Gulag Rhetoric and Dostoevsky

Is it appropriate to use words like “gulag” when describing excesses and abuses of the the U.S. military machine? The Crooked Timber folks debate this.

Anne Appelbaum writes:

Even more broadly, “Gulag” has come to mean the Soviet repressive system itself, the set of procedures that prisoners once called the “meat-grinder”: the arrests, the interrogations, the transport in unheated cattle cars, the forced labor, the destruction of families, the years spent in exile, the early and unnecessary deaths.

One commenter said the point of comparison should be with the Soviet system after 2 or 3 years, not after 50 years, for example. But still, the similarities between the two system is the wide discretionary powers the state has asserted while closing down habeus corpus/methods of appeal. The word “gulag” represents the logical extreme of what happens when a state’s actions allows no redress. Invoking the extremist rhetoric allows the politician to neutralize the charge without actually answering anything. A commenter quotes Dostoevsky’s Idiot:

———————“I hope, prince, that you are too progressive to deny this?”

“I deny nothing, but you must confess that your article—”

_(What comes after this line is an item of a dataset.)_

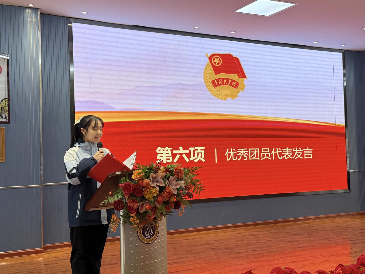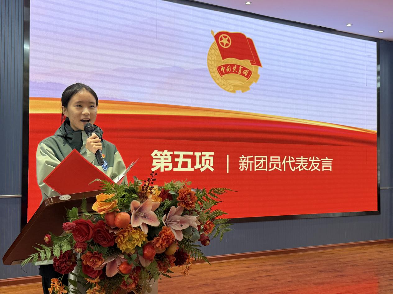 优秀团员代表9.6班团支部林浩熙同学则结合自身成长经历,鼓励新团员以先锋模范为榜样,在品德修养上追求卓越,在学业奋斗中勇攀高峰,在青春赛道上行稳致远,用实际行动践行青年担当。
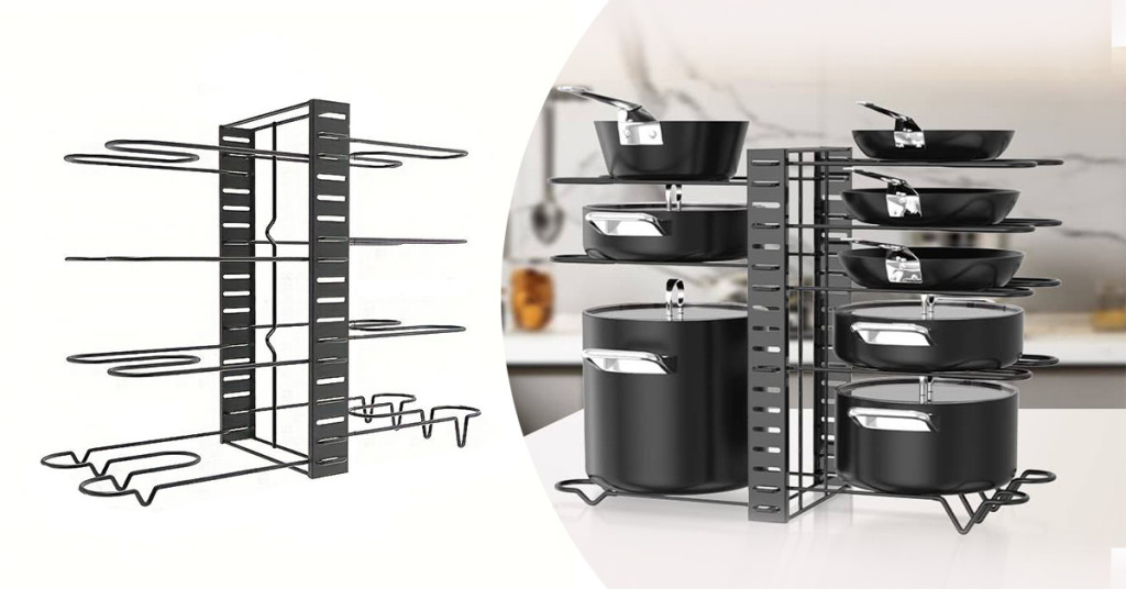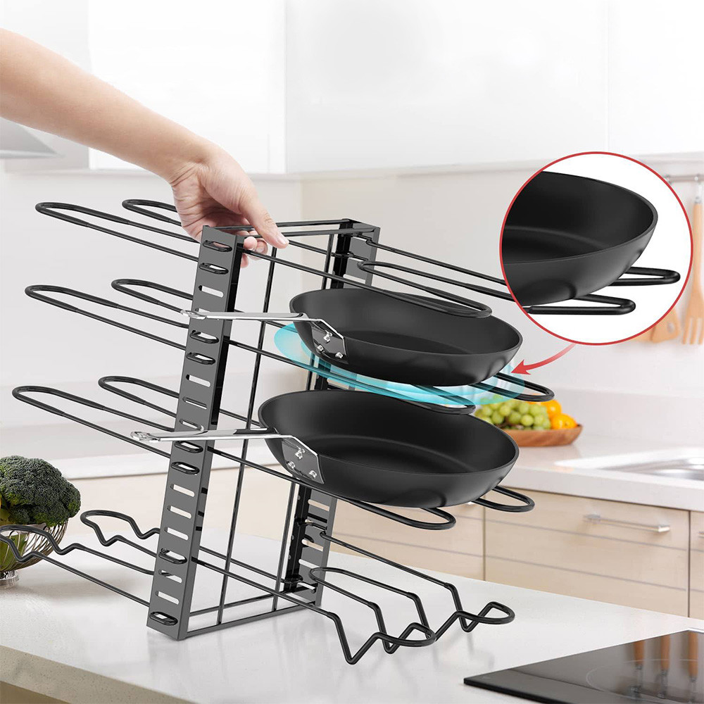 Vícepatrový organizér ti pomůže zbavit se chaosu v přeplněných zásuvkách a skříních. Díky odděleným úrovním má každý hrnec, poklička nebo deska své místo.

“Is a bit thick, you mean? Well, in a way that is in the public interest; you will admit that yourself, and after all one cannot overlook a blatant fact. So much the worse for the guilty parties, but the public welfare must come before everything. As to certain inaccuracies and figures of speech, so to speak, you will also admit that the motive, aim, and intention, are the chief thing. It is a question, above all, of making a wholesome example; the individual case can be examined afterwards; and as to the style—well, the thing was meant to be humorous, so to speak, and, after all, everybody writes like that; you must admit it yourself! Ha, ha!”

What I find alarming is how complacent Americans have become that our democratic institutions could never go wrong. And how indignant they become when a critic suggests otherwise. Just yesterday for example, the US Senate suspended due process rights for Gitmo detainees. Now it’s true that these prisoners are not entitled to Geneva convention protections, and the constitution doesn’t guarantee them anything. On the other hand, it’s a matter of basic fairness that people should at least have the right to question the grounds for their detention. Many innocent people have been imprisoned for over 3 years (including 2 poets).

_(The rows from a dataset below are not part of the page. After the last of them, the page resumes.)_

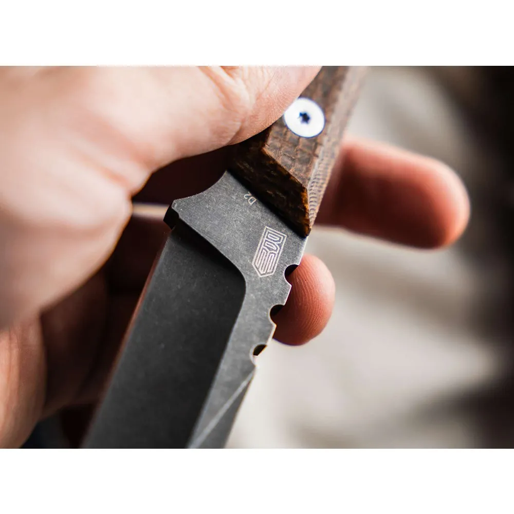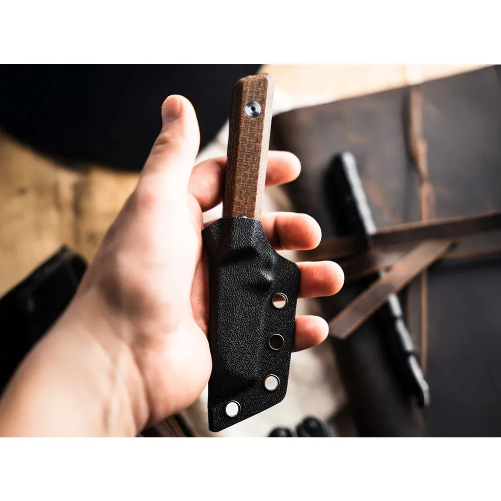 Thicker is better! Nobody knows this better than US knife designer Brent Michael Smith from Bald Man Knife & Tool, who has perfectly balanced the material dimensions of the Boker Plus Thicker Clipper and given it a new twist. The necessary knowledge is no coincidence, as Smith has more than 20 years of professional experience in the automotive and bicycle industry. The almost 6.3 inch (16 cm) long, fixed knife has a massive blade thickness of 0.22 inch (5.6 mm), allowing the compact powerhouse to flex its muscles, especially for demanding everyday and outdoor work. Straightforward full tang design with a D2 Tanto blade in a black stonewash finish, contoured handle scales made of intense brown Micarta and robust bolsters - no knife can offer more efficiency! The hand position, blade shape and pronounced jimpings on the back of the blade enable powerful, controlled and precise cuts. Supplied with a perfectly fitting Kydex sheath. Thick is chic!
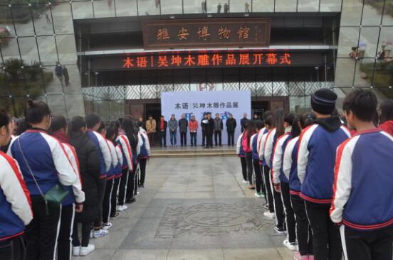 12月28日上午,四川省档案学校客座教授吴坤大师的“木语--吴坤木雕作品展”在雅安市博物馆隆重举办,本次作品展由雅安市文联、雅安市文体广新局和芦山县委宣传部共同主办,雅安市博物馆馆长李炳中,雅安市博物馆副馆长郭凤武,雅安市文体广新局副局长王佳勇,芦山县县委常委、宣传部长袁嘉伟,雅安市文联常务副主席陈果,四川省档案学校党委副书记、纪委书记李富民,四川省档案学校党委委员、教务科科长徐慧珍出席了开幕式。
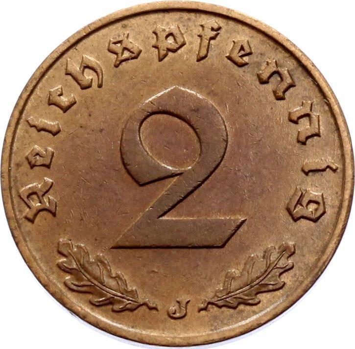 Find out the current coin value of the German 2 Reichspfennig 1937 with mark J. This bronze coin from the times Third Reich struck at the Hamburg Mint. Wondering how much a coin like this is worth? The record price belongs to the lot 1824 sold at the Katz Auction auction for EUR 11. Bidding took place July 3, 2019.
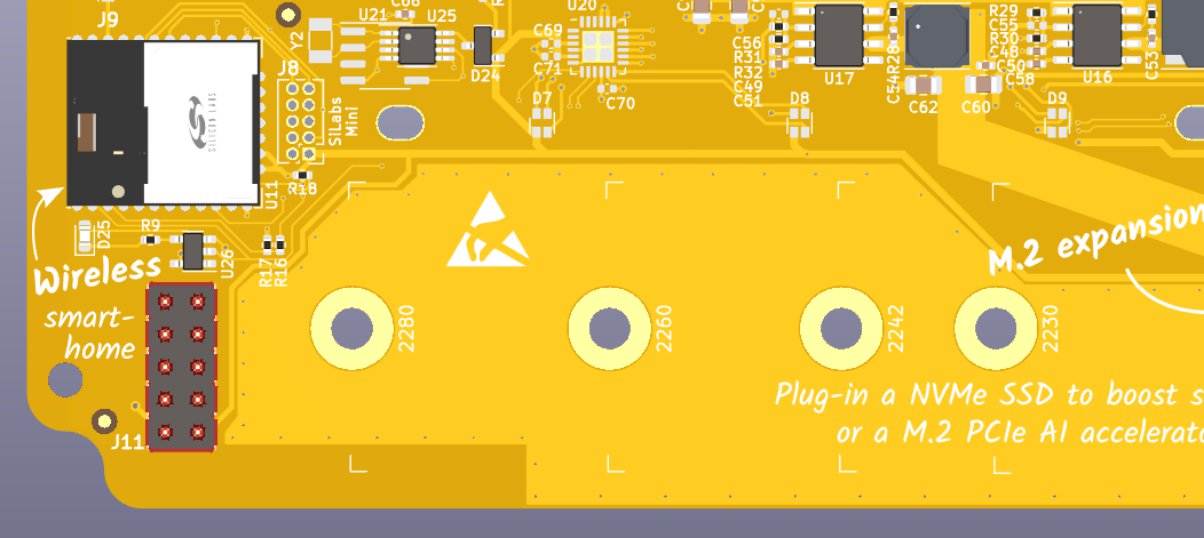 The Raspberry Pi Compute Module 4 allows you to communicate with external components via GPIO pins. Most GPIO pins on Home Assistant Yellow are used for on-board features such as the Zigbee module, audio DAC and for the debug console. This is why we don’t include a Raspberry Pi-compatible 40-pin header - most of those pins are already used. Instead, there is a 10-pin header (labeled J11 in the image below) that exposes a serial port and I²C. This header is compatible with the first ten pins of the standard 40-pin header, which makes it compatible with accessories that only use those first ten pins.
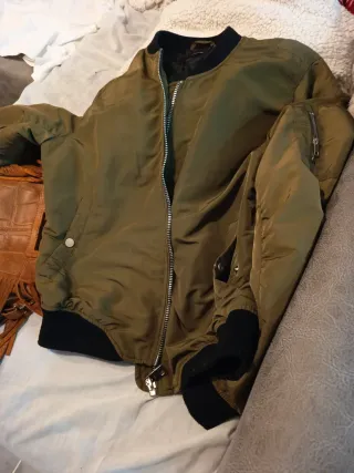 Chaqueta estilo bomber en color verde. - Cierre de cremallera. - Puños y cuello elásticos. - Bolsillos laterales.

Here’s someone keeping a list of documented cases of torture by U.S. military personnel so far. As I see it, the fatal mistake was not that the excesses occurred but that Bush administration did nothing to fire the politicians ultimately accountable for them. Bush could have easily fired Rumsfeld in summer 2004, and nobody would have blinked an eye. Instead he chose to value personal loyalty over accountability.

Tom Regan from the Christian Science Monitor reports on whether the US used white phosphorus in Fallujah. If it is shown that white phosphorus was used for other than its intended purpose (and frankly, I’m going to give the military the benefit of the doubt here), and that US refused to sign a chemical weapon treaty forbidding, it would be a startling example of how US actions run counter to its intents.

It’s Veteran’s Day, and I don’t want these links and musings to imply that I don’t honor a soldier’s commitment to duty. But I have to wonder what these soldier’s are fighting for and whether our actions are defeating our original intentions.